DP is open to side channel attacks in which an adversary can learn facts about the data by monitoring side channels. A classic example is the timing-channel attack. Suppose a query computes the frequency of various medical diagnoses, and Betaal (the adversary) knows that the computation will take 51 μs if a person has cancer and 49 μs otherwise. Then, by merely observing the amount of time spent, Betaal can learn whether a given individual has cancer.
Sensitive attribute disclosure is possible; for example, an adversary can build a classifier over differentially private data that can predict sensitive information.⁷

So far, this article has discussed the standard DP model where the data curator is trustworthy; however, the data curator may be compromised and hence become an untrusted source. This necessitates a shift in the DP model from SDP (standard differential privacy) to LDP (local differential privacy).

In the SDP model (figure 14), the curator is trusted, and noise is injected into the original database on which the end user performs analysis. In the LDP model (figure 15), the curator is untrusted and the noise is injected locally—at the individual level for each data subject—and such perturbed data is aggregated by the untrusted curator. This way, privacy control stays with the data subject.

Further, with privacy regulations such as GDPR (General Data Protection Regulation) and CCPAA (California Consumer Privacy Act), large organizations use the LDP model to avoid the liability arising from misuse of storing sensitive user data. So, with trust assumptions, LDP is more attractive for deployment in DP-based systems. The utility of the statistics released with LDP, however, is poorer than with SDP, because in the LDP model, perturbation happens locally at each individual's end, resulting in larger noise addition.

One fallout of this model is that there is no single source of unperturbed data. Consequently, the gap between SDP and LDP can be interpreted as "high trust assumptions with high utility" in SDP and "lower trust assumptions with lower utility" in LDP. Some recent research exploits cryptographic primitives to bridge the trust-utility gap between SDP and LDP to have the best of both worlds.

Figure 16 shows that SDP can achieve high utility (lower error), while LDP does not rely on a trusted curator and achieves lower utility (high error). The goal is to achieve the utility of SDP under the more practical assumptions of LDP. Use of cryptographic primitives opens a new direction of research: to evolve DP as a promising privacy-preserving technique.²¹

Industrial outlook

DP as a technique has a much wider role to play in many application areas, including cyber physical systems (figure 17) such as smart-grid systems, healthcare systems, IoT (Internet of things), autonomous automobile systems, etc.

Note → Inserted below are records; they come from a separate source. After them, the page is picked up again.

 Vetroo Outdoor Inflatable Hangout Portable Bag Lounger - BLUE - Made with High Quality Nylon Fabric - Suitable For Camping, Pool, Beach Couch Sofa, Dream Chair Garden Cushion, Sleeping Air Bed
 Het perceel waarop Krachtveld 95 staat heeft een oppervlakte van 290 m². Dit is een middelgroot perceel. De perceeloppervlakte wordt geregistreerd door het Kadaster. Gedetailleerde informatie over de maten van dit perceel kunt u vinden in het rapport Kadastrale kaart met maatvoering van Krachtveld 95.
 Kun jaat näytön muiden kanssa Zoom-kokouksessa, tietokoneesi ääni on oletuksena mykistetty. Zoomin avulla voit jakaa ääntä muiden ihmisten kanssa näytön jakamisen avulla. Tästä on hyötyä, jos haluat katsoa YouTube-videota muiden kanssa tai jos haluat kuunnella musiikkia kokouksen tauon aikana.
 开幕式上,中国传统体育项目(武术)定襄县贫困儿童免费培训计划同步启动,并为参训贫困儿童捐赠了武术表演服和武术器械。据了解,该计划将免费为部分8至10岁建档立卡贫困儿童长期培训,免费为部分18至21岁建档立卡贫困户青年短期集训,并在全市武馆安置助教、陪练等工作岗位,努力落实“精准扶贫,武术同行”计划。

In the case of smart-grid systems, for example, the power providers record and maintain household energy consumption information using smart meters. This information can reveal a lot about the lifestyle and other details of a household, and misuse could violate the privacy of the consumers. Thus, it becomes necessary to incorporate privacy-preserving techniques into such systems. Similarly, for healthcare and medical systems, data collected by IoT devices, such as blood pressure, blood sugar levels, and sometimes even location details, also need to be obtained in a privacy-aware manner.

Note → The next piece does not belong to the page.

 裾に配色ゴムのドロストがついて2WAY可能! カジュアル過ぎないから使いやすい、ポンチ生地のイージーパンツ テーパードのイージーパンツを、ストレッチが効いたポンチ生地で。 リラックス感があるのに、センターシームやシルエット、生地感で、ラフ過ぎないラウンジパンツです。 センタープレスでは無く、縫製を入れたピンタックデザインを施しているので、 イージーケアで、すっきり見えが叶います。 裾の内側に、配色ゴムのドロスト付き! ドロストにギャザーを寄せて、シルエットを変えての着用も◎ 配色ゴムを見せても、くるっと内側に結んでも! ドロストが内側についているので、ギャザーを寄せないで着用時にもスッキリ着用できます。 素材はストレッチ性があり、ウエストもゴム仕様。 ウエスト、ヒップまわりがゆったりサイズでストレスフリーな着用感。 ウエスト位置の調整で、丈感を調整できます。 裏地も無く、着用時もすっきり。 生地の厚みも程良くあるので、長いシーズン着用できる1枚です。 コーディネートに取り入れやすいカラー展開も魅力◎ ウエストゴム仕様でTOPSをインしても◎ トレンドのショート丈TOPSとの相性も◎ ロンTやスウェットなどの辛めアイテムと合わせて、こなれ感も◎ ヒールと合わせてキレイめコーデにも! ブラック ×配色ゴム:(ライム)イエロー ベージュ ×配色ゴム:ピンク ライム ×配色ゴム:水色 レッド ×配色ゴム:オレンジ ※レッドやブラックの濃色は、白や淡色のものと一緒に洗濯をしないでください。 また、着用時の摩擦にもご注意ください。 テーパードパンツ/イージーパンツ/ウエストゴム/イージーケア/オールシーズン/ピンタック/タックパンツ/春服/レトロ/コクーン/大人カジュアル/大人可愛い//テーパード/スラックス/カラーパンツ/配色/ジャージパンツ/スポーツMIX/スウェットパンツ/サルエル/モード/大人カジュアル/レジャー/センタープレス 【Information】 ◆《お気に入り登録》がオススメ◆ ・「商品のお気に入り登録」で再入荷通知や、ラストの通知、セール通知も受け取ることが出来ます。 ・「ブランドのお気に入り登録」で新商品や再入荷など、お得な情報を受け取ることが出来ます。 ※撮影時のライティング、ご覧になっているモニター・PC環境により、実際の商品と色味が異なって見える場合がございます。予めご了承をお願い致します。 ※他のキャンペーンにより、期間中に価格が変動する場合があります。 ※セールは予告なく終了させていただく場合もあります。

The tech giants use DP in various application services. Microsoft uses LDP to protect user privacy in applications such as telemetry in Windows. Apple uses LDP to protect the privacy of user activity in a given time period while still gaining insights that would help improve the intelligence and usability of features such as QuickType and emoji suggestions. Google's RAPPOR (Randomized Aggregatable Privacy-preserving Ordinal Response) system integrated in Chrome acquires data in a privacy-aware manner on how unwanted software hijacks user settings. IBM and Google provide libraries for carrying out machine-learning tasks in a DP-aware manner.

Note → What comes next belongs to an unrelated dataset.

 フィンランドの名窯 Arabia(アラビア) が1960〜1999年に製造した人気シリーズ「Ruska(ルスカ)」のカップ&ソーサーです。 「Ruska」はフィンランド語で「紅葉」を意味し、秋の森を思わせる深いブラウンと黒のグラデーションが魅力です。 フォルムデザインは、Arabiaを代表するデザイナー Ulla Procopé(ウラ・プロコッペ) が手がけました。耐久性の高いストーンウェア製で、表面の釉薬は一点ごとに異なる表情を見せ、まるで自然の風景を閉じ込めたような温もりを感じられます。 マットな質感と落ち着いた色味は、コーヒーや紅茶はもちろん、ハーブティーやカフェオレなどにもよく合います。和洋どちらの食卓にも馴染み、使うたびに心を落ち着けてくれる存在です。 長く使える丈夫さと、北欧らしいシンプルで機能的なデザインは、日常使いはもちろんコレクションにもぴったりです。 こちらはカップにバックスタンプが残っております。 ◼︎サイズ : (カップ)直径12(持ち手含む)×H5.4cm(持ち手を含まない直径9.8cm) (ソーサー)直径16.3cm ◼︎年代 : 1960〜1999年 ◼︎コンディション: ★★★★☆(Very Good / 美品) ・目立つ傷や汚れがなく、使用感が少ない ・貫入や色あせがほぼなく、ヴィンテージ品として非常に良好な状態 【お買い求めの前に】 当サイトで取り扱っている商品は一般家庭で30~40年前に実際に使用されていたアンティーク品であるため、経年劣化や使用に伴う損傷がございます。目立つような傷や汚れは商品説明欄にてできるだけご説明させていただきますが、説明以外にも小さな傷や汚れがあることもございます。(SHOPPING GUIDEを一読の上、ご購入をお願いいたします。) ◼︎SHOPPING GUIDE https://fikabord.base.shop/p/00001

Although these companies have used DP in several applications, researchers have questioned whether such implementations of DP provide adequate privacy guarantees in practice. Applying DP to record-level data collection or release requires employing a large amount of noise to ensure a safe ε. If ε ≤ 1, the analytical utility of DP outputs is likely to be poor.²

One way around this could be to use a very large value of ε to mitigate the utility problem. For example, Apple reportedly uses ε = 6 in MacOS and even ε = 43 for iOS 10 beta versions, whereas in RAPPOR, Google uses ε up to 9. This shows that the applicability of DP in practice is still a challenge as the privacy guarantee of DP is greatly diminished for such larger values of ε.⁹

Further discussion

The need for data privacy has unfolded from the standard use case of data publishing to privacy-driven analytics. Here, DP has gained significant attention because it offers mathematical guarantees. There are challenges, however, in mapping the theory of DP to practice.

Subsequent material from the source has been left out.